This was just a fun little personal challenge to walk through optimizing the 1 billion row challenge in Go. It was fun to use the pprof tool and work on understanding WHY different optimizations made a difference.
Command | Mean [s] | Min [s] | Max [s] | Relative |
---|---|---|---|---|
./1brc-go --revision 0 measurements.txt |
243.007 ± 0.446 | 242.068 | 243.612 | 7.56 ± 0.05 |
./1brc-go --revision 1 measurements.txt |
336.543 ± 0.836 | 334.724 | 337.488 | 10.47 ± 0.07 |
./1brc-go --revision 2 measurements.txt |
200.087 ± 0.634 | 198.960 | 201.251 | 6.23 ± 0.04 |
./1brc-go --revision 3 measurements.txt |
149.253 ± 0.595 | 148.310 | 150.286 | 4.64 ± 0.03 |
./1brc-go --revision 4 measurements.txt |
42.963 ± 0.249 | 42.670 | 43.526 | 1.34 ± 0.01 |
./1brc-go --revision 5 measurements.txt |
37.485 ± 0.400 | 37.144 | 38.574 | 1.17 ± 0.01 |
./1brc-go --revision 6 measurements.txt |
32.136 ± 0.186 | 31.786 | 32.345 | 1.00 |
./1brc-go --revision 7 ./measurements.txt |
25.915 ± 1.772 | 22.386 | 27.731 | 0.85735 |
The machine used to benchmark was a Lenovo Z13 Gen 1:
- AMD Ryzen™ 7 PRO 6850U with Radeon™ Graphics with 16 cores
- 16 GiB of LPDDR5 RAM
- 512 GiB NVME SSD (Model: UMIS RPJTJ512MGE1QDQ (1.5Q0630))

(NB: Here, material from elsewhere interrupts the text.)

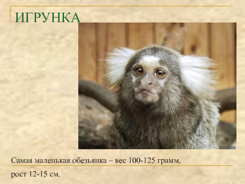 ИГРУНКАСамая маленькая обезьянка – вес 100-125 грамм, рост 12-15 см.
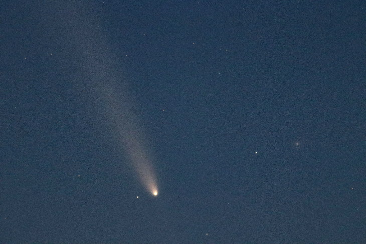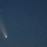 Taken on the East edge of the Snake River Plain using a 400mm lens on a Canon EOS SL2 camera riding on a Byers CamTrak. The exposure was for 5 seconds at f/5.6. The comet was hard to see due to a bright moon.

- Arch Linux btrfs partition encrypted with LUKS2
- Used 3 warm-up runs and then averaged the speed of 10 runs for each command
- measurements.txt file generated using the tool at https://github.com/gunnarmorling/1brc/blob/main/create_measurements.sh
I left some comments in the source code on each revision with more detail about what was changed and what sources I referred to online to learn more about how/what to optimize. The best stuff is in r1.go, but here's a short summary of what I did.
Revision | Change |
---|---|
0 | My most common sense, idiomatic version |
1 | A horribly slow attempt to paralellize by separating reading the file from processing the measurements |
2 | Return to sequential processing, just enable csv.Reader.ReuseRecord |
3 | Add a 1MiB buffer |
4 | Successfully parallelize the read, taking advantage of my NVME SSD |
5 | Give each goroutine their own 1MiB buffer |
6 | Use pointers instead of values for the Stats structs |
7 | Buffer the channel used to send the results from goroutines |
I didn't feel like implementing my own map or using a 3rd party library, so I stopped there.